Shoreliners are a class of locomotive-hauled rail car used by the Metro-North Railroad for service on non-electrified portions of their system. They are similar to the Comet coaches used by New Jersey Transit, however there are several differences between the two. Ownership of the fleet is split between the Metropolitan Transportation Authority and the Connecticut Department of Transportation, as part of the latter's operating agreement with the MTA. MTA coaches have blue window bands, while CDOT coaches have red ones.

Usage patterns
The Shoreliners are primarily used on non-electric territory such as the upper Hudson Line north of Croton-Harmon, on the upper Harlem Line north of Southeast station, and the New Haven Line's Danbury and Waterbury branches. They are typically operated in a push-pull configuration.

Hudson Line
Shoreliners are used in the non-electrified territory north of Croton-Harmon. Trains often operate to and from Grand Central Terminal and  Poughkeepsie and running express south of Croton-Harmon, along with two daily late night shuttle trains running in the non-electrified territory, one in each direction.

Harlem Line
Shoreliners are used in the non-electrified territory north of Southeast. Service between Southeast and Wassaic is mostly operated using three car shuttle trains. During rush hour, a few trains run direct to Grand Central Terminal.

New Haven Line branches
Shoreliners operate on the Danbury and Waterbury branches, as well as to provide extra service on the main line during the day. Danbury service includes limited through-service to Grand Central during peak periods, while off-peak Danbury and all Waterbury service operates as shuttles from South Norwalk and Bridgeport, respectively.

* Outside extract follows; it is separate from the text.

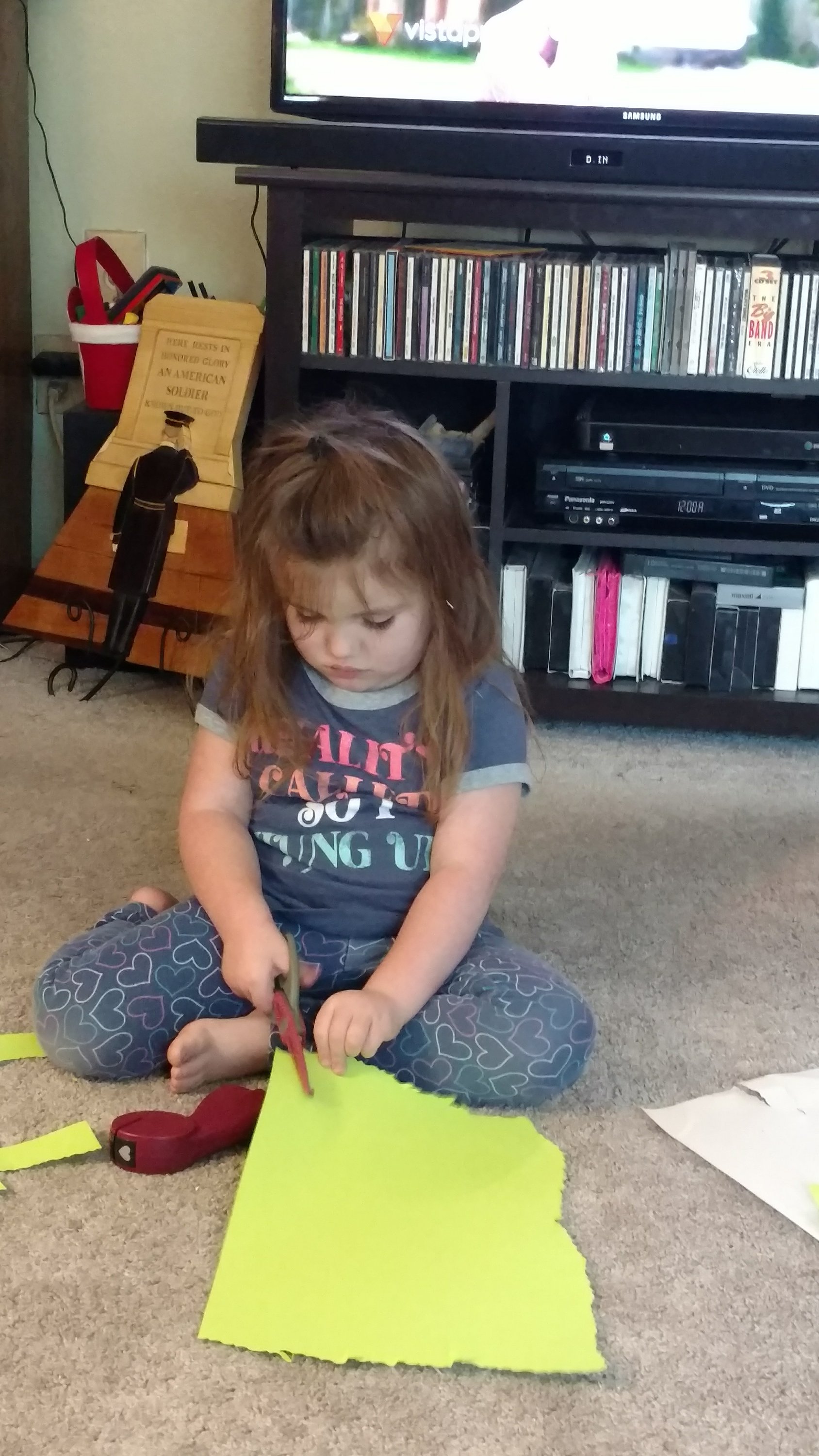 She got to “Drive” the “tractor”.  A good ole time. As they were walking around the yard, she saw her first snake. It was a gardener snake and Aunt Alicia’s boyfriend picked it up and threw it over the fence, BUT not before it said,”Hello, Destiny, I am a snake.” She proudly told Grandpa she told it hi back. I love the imagination of kids. She will take after one of her sisters and both cousins. They have all been in Drama while in school.

Former Shore Line East Service
Before the state of Connecticut acquired used equipment for Shore Line East, several Shoreliner sets would run on SLE service. These have since been transferred to the Metro-North pool.

Models

Shoreliners I and II

The Shoreliners I and II were built in 1983 and 1987, respectively. Based on the New Jersey Transit Comet II, their only difference is the type of lighting used for indicator lights. These cars have doors at each end vestibule, and no center door. 

The Shoreliner I order includes 39 cars, while the Shoreliner II order includes 36 cars. Cars numbered in the 6200s are owned by Connecticut DOT, which include 14 cab cars and 26 coaches, while all other cars are owned by the MTA.

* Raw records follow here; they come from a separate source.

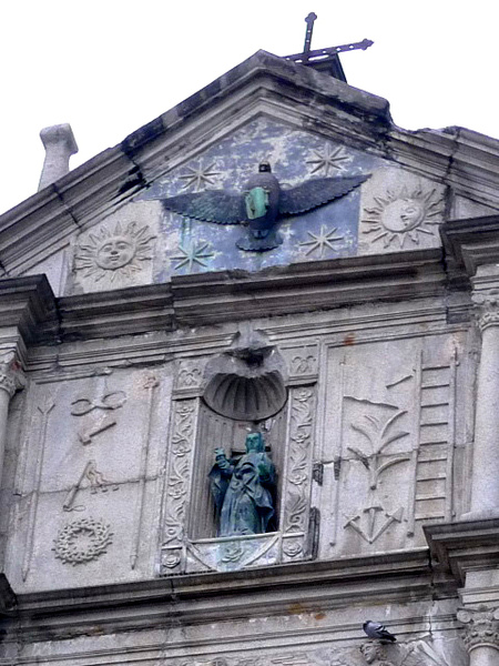 第一層:最上層是三角形山花,頂部立有十字架;"銅鴿"代表聖神,四周圍繞著"日月星辰",象徵宇宙萬物為上主所創造。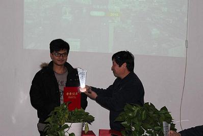 大會(huì)的第三部分——2015年度公司師道獎(jiǎng)以及優(yōu)秀員工獎(jiǎng)的評(píng)選,在全體員工的票選下,生產(chǎn)部經(jīng)理周保坤、工程技術(shù)中心何立東獲得師道獎(jiǎng);生產(chǎn)部的趙水林、韓毛孩獲得優(yōu)秀員工獎(jiǎng)?偨(jīng)理為他們頒發(fā)榮譽(yù)證書和獎(jiǎng)杯。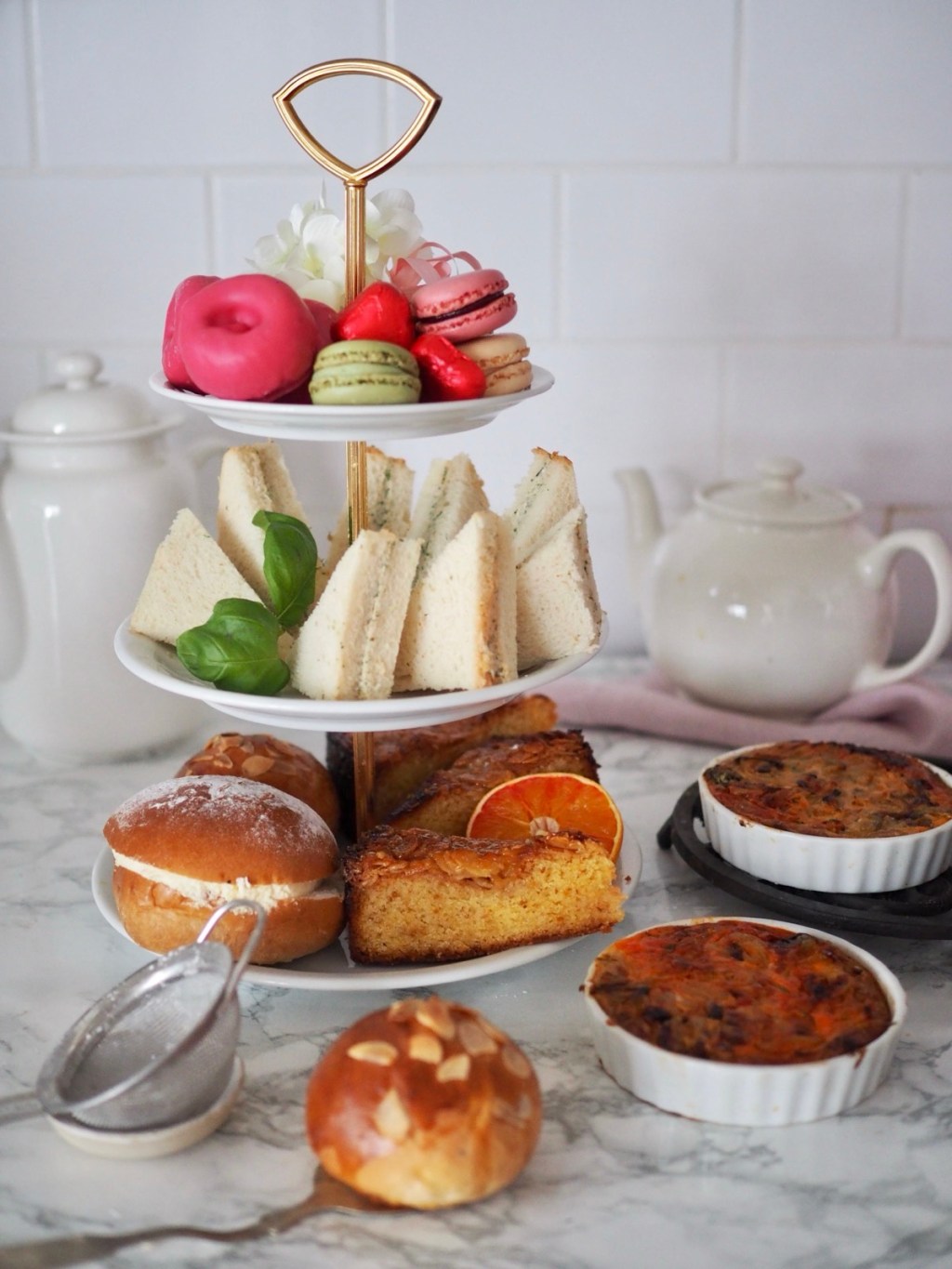 Teetarjoiluni koostui sesonkiherkuista: veriappelsiini-toskakakusta, laskiaispullista, sipulipiirakasta, amerikkalaisista piimäskonsseista ja lohitahnalla täytetyistä kolmioleivistä. Mutta ei kannata ottaa stressiä, vähempikin riittää.

Four of the Shoreliner I cars were originally equipped with an underfloor head-end power generator, for use behind CTDOT's five rebuilt freight locomotives, which lacked HEP generators. The generators were removed when the freight locomotives were replaced by CTDOT's rebuilt GP40-2H units. These cars are identified externally by twin square windows at the center of the cars, where the air intake ductwork (to the rooftop) for the generator was located.

Shoreliner III

Shoreliner IIIs date from 1991; 49 cars were built. This series is based on New Jersey Transit's Comet III. The main differences between this series and previous ones are an added center door and the restroom is located at the center of the cars that are so equipped instead of the end.

Shoreliner IV

The Shoreliner IV is much like the Shoreliner III but the engineers side door has been removed as a safety measure. Based on the NJ Transit Comet IV, they were built in two distinct groups between 1996 and 1998. The first order, from 1996–97, consisted of 50 cars. The second set, built for Connecticut DOT in 1998, consisted of 10 cars. One Connecticut DOT-owned coach and one cab car were wrecked in 2013. This gives a total count for the order of 60 cars.

Car names 
Many of Shoreliner cars are named in honor of people and places significant to their service area, such as The Connecticut Yankee and Washington Irving.

See also 
Horizon (railcar) – railcars operated by Amtrak similar in design to that of the Comets and Shoreliners.